Abstract:
The problem of clustering aims to partition unlabeled data so as to reveal the natural affinities between data instances. Modern learning algorithms need to be designed to be applicable on larger datasets that can also be high dimensional. While acquiring more features and instances can be beneficial, the addition of noisy and irrelevant features can also obfuscate the true structure of the data; distance metrics can also fail at high dimensions. To address these challenges, complex mathematical structures can be used to model different aspects of a problem, however they can also lead to algorithms with high computation costs, making the algorithms infeasible for larger datasets.

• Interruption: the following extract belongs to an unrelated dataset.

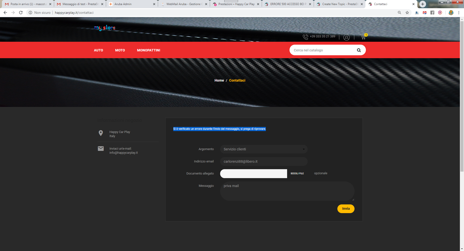 Carlo Tan Posted May 13, 2020 Share Posted May 13, 2020 Buongiorno, ho questo problema da forum contatti del sito non è possibile inviare una richiesta informazioni. appena si inseriscono i dati e si da invia risponde: Si è verificato un errore durante l'invio del messaggio, si prega di riprovare. ho versione 1.7.6.5 su aruba con PHP7.0.x alle file della mia configurazione Grazie Link to comment Share on other sites More sharing options...

Among existing classes of clustering methods, we focus on the class of center-based clustering which in general consists of methods with low computation costs that scale linearly with the size of datasets. We identify different factors that have influence over how effective center-based clustering methods can be. Estimating the number of clusters is still a challenge, for which we study existing approaches that have a wide range of computation costs, and propose two low-cost approaches based on two possible definitions of a cluster. Selecting a suitable distance metric for clustering is also an important factor. We incorporate a kernel metric in a center-based clustering method and investigate its performance in the presence of a large number of clusters. Feature selection and feature extraction methods exist to identify which features can help estimate the clusters. We focus on sparse clustering methods and propose a significantly lower computation approach to simultaneously select features while clustering. Another important factor is the nature of the clusters identified. Hard clustering methods identify discrete clusters, whereas soft clustering methods allow soft cluster assignments of data points to more than one cluster, thereby allowing overlapped clusters to be identified. We propose a multi-objective evolutionary fuzzy clustering method that can identify partitions at different degrees of overlap. Clustering in unsupervised conditions can come with a serious limitation. Instead of exploring a wide solution space completely unsupervised, some additional supervision can bias the method to identify clustering solutions that better fit a dataset. This motivates us to propose a transfer clustering method that learns a multiple kernel metric in a weakly supervised setting, and then transfers the learned metric to cluster a dataset in an unsupervised manner. A lower effort is required to provide weak supervision in comparison to full supervision, while drastically boosting clustering performance. We recommend weakly supervised clustering as a promising new direction to overcome the inherent limitations of identifying clusters in an unsupervised manner.